What do I mean to you Monica, ?, where do I stand with you Monica, ?, what is it that you feel for me ?, about me ?, for I never know from one minute to the next if I am in your good graces or in the dog house or worse in the garbage can . "
LOVE
BILL .
Chapter 7
Dated, some time around September 5th 2006
A card to the Princess. From the Frog.
A picture of a sad faced, apologetic looking Black Bear, - stares out at the Princess with the words .
I just wanted to say . . .
"Monica,"
I'm sorry.
"I realize that the above words hold no significance for you
and are unacceptable, but believe me when I say
that I never would - intentionally ( or otherwise ) -
create a situation that would cause you to be angry -
and upsetting to me."
"LOVE BILL ."
Chapter 8
A Letter To THE PRINCESS,
dated September 8th, 9th, 12th 2006
Dear Moneca :
Another letter to you I may never send, but write I must.
I am torn to shreds Moneca, by all my feelings for and about you, by what I see coming from you, what I hear in some of what you say, and all this has left me in a state of uncertainty - it is very unclear to me, as to what I mean to you ?, if I mean anything at all .

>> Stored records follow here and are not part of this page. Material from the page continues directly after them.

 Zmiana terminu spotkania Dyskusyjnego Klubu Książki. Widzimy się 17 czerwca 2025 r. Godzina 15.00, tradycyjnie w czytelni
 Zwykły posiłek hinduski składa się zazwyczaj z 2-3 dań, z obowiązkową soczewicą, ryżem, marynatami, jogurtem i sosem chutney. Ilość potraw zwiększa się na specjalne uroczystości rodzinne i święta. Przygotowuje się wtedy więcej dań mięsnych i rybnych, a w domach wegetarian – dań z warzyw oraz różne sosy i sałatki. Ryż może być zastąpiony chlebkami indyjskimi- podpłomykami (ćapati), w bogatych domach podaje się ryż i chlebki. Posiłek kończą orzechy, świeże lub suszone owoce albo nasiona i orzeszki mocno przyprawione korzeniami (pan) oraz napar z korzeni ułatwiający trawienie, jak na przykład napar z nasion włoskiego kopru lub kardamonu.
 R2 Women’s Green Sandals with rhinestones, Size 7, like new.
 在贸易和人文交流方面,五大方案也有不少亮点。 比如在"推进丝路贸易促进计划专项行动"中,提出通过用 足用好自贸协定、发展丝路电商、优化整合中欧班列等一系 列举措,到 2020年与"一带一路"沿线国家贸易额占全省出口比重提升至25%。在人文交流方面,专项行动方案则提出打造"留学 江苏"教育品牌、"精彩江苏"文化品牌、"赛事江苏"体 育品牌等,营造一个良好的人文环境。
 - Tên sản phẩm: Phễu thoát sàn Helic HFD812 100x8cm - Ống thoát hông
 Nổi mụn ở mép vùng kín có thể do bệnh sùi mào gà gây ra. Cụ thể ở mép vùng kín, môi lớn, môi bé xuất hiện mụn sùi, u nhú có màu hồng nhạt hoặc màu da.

As I look back over the hours we have been in each others company, I have come to feel as if I have been but a grain of sugar, to sweeten - for a moment or two - your cup of lonely / aloneness and now - from what I feel and what I have heard - you no longer have need of me as a sweetenor to lessen the bitterness - the bitter taste that being alone, on your own, lonely brings to your cup of tea / life .

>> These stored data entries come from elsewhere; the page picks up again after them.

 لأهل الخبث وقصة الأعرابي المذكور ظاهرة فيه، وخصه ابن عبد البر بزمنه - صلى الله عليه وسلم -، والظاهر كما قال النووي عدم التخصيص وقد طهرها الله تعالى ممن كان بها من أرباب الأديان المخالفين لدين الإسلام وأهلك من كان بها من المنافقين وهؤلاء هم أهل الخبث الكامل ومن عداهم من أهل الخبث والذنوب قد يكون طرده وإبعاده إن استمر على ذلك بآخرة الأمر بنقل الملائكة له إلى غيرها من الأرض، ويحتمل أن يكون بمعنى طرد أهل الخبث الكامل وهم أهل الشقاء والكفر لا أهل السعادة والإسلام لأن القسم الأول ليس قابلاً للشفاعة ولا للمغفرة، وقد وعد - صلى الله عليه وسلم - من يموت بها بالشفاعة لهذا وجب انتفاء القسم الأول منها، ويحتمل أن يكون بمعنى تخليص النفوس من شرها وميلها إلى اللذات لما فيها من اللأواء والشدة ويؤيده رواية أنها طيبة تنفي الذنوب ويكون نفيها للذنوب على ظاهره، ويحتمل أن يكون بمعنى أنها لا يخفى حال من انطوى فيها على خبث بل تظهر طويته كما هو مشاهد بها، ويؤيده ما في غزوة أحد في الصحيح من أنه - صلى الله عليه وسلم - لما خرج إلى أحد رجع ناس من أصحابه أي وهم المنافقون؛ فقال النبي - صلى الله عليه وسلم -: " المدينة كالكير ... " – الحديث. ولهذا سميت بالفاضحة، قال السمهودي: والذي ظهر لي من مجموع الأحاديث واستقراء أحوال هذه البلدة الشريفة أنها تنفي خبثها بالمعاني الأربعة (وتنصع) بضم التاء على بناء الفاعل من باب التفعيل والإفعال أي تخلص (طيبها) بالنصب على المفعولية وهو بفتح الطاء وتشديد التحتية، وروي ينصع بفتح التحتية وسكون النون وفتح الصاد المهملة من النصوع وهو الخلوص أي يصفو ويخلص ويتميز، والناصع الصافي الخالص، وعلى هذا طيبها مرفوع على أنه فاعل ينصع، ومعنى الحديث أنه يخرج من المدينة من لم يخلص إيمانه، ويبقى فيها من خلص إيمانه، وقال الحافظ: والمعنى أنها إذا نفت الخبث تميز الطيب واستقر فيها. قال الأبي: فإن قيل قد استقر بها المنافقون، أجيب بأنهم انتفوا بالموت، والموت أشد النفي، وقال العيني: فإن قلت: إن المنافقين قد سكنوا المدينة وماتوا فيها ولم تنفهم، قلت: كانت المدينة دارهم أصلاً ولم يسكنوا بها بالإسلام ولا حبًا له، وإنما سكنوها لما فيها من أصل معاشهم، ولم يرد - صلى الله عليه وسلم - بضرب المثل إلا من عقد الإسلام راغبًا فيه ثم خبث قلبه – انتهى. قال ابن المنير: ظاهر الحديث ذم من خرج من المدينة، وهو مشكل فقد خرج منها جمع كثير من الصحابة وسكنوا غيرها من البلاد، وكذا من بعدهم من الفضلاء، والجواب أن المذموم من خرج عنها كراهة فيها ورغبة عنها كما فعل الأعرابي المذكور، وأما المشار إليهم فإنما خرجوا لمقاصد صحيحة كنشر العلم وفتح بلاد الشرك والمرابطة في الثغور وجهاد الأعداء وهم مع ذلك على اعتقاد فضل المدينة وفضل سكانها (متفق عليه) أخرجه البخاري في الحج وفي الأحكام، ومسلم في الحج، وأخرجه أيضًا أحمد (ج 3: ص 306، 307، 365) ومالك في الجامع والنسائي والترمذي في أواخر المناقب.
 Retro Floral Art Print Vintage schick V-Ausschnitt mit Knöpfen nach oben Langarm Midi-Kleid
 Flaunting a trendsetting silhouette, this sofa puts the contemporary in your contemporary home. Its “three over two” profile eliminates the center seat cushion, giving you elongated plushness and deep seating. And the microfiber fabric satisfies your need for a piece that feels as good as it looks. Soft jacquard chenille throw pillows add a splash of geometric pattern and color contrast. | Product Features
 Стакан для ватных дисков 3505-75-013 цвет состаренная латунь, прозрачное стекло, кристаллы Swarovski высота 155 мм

My thoughts Moneca, my feelings are, that your mister Psycho - Priest, has penetrated your resolve to leave him behind - a memory, history - and has slowly broken down your walls so that he may once again know your beauty, your passion. Something Moneca, - I do believe - was but paper thin ( that wall ) and I truly believe that your words ( " I want nothing more to do with him " ) had a very hollow ring to them, as they echoed in my ears, and I believe that they where empty of true meaning .

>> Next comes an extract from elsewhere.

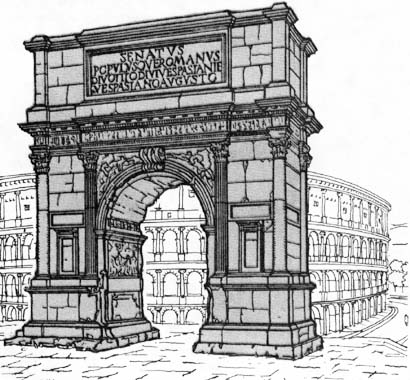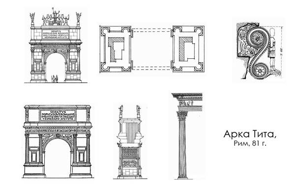Триумфа́льная а́рка — архитектурный памятник, представляющий собой большую торжественно оформленную арку. Триумфальные арки устраиваются при входе в города, в конце улиц, на мостах, на больших дорогах в честь победителей или в память важных событий. Триумфальная арка Тита (итал. Arco di Tito) — однопролётная арка, расположенная на древней Священной дороге (Via Sacra) к юго-востоку от Римского форума. Построена Домицианом вскоре после смерти Тита в 81 году н. э. в память о взятии Иерусалима в 70 году н. э. Послужила моделью для многих триумфальных арок Нового времени. Существовала также другая, трёхпролётная арка Тита, воздвигнутая Сенатом в 81 году н. э. в восточной оконечности ипподрома Циркус Максимус Высота монумента составляет 15,4 м, ширина 13,5 м, глубина пролёта 4,75 м, ширина пролёта — 5,33 м. Выстроен из пентельского мрамора, добываемого в Аттике. Полуколонны, которыми декорирована арка, являются первым известным примером композитного ордера. В углах возле пролёта арки высечены четыре крылатых Виктории. Внутри пролёта находятся два барельефа: шествие с трофеями, захваченными в Иерусалиме (особенно выделяется менора), и император Тит, управляющий квадригой. Статуя Тита на квадриге также находилась на вершине арки, однако до наших дней не сохранилась. На софите находится барельеф с изображением апофеоза (обретения божественной сущности) императора. После пожара в эпоху Нерона верхняя часть Священной дороги (скорее всего, она называлась clivus Sacer) заканчивалась ступенями храма Венеры и Ромы. Еще можно увидеть часть древней базальтовой дороги и по ее бокам, на северной и южной сторонах, остатки фундаментов двух величественных сооружений с пилястрами (Horrea Piperataria). Под дорогой сохранилось базальтовое покрытие времен Августа, ведущее к Палатинскому холму. Священная улица периода республики пролегала не по этому пути, а поворачивала на восток, в направлении Карин. Перепад уровней этих улиц легко виден как раз в месте расположения арки Тита. Это сооружение, построенное на мощении эпохи Нерона, кажется повисшим в воздухе вместе с его фундаментом, выявленным во время раскопок уровня, предшествующего эпохе Нерона. Арка сохранилась благодаря тому, что была частью укрепления Франджипане. Не достает большинства пилонов, отреставрированных с помощью травертина Валадьером в 1822 г., — событие, о котором гласит соответствующая надпись на аттике со стороны Форума. С другой стороны аттика сохранилась подлинная надпись, благодаря которой можно точно опознать сооружение, не упоминающееся в античной литературе, если не считать сомнительный отрывок Марциала. Арка на рельефном изображении в гробнице Гатериев эпохи Домициана или Траяна (на которой можно прочесть arcus in Sacra Via Summa, т. е. «арка в верхней части Священной дороги») не может быть аркой Тита, потому что та не находилась на Священной дороге. Надпись на арке Тита гласит: Senatus / populusque romanus / divo Tito divi Vespasiani f(ilio) / Vespasiano Augusto («Сенат и римский народ божественному Титу, сыну божественного Веспасиана, Веспасиану Августу»). Упоминание Тита как «божественного» означает, что в то время, когда делали эту надпись, император был мертв. Таким образом, арку можно отнести к периоду после 81 г., и, скорее всего, она была сооружена по приказу последнего императора династии Флавиев Домициана, брата Тита и сына Веспасиана. Некоторые

On more than one occasion Moneca, I have said to you, written to you, that I seem to have the inability to read, to know, to understand just what it is that a woman may or may not feel for me or about me - that is, of coarse, until the games are over and she makes all plane and clear, and shows me just how and what she truly felt and feels, ( likes me ?, dislikes me ?, wants me to be with her ?, or out of her life ?, desires me or not ?, appreciates me ?, has respect for me ? ) and in your case I have to wonder ?, whether I have been, or am but a filler for your empty, and boring, alone and lonely hours, substitute for what has yet to come along, that will meat your expectations, or am I the buffer in the here and now, against that which has become history .
Once again Monica, I have come to the conclusions I have because of my many experiences ( past and present ) , what I have seen and see, what I have heard and hear and from what I feel, and we know Monica, that it all comes ( the contents of my letters ) from inside my head and may have little to no relevance within your perception of reality and outside of my troubled mind. All these thoughts and feeling I have, - and do express - for and about you Monica, seem to ride upon the crests of tsunami waves and in the valleys of troubled waters, and in the turbulence of a stormy sea - but my Dear, that is just me
And so my Dear Monica, until your true and honest feelings for me, about me, flow or blow out from that beautiful mouth of yours, past those sweet lips - I very much desire to caress, to touch, to feel against mine - of yours and tell me - in no uncertain terms, in clear words - just where I stand, where I fit ( if I fit at all ? ) in your scheme of things .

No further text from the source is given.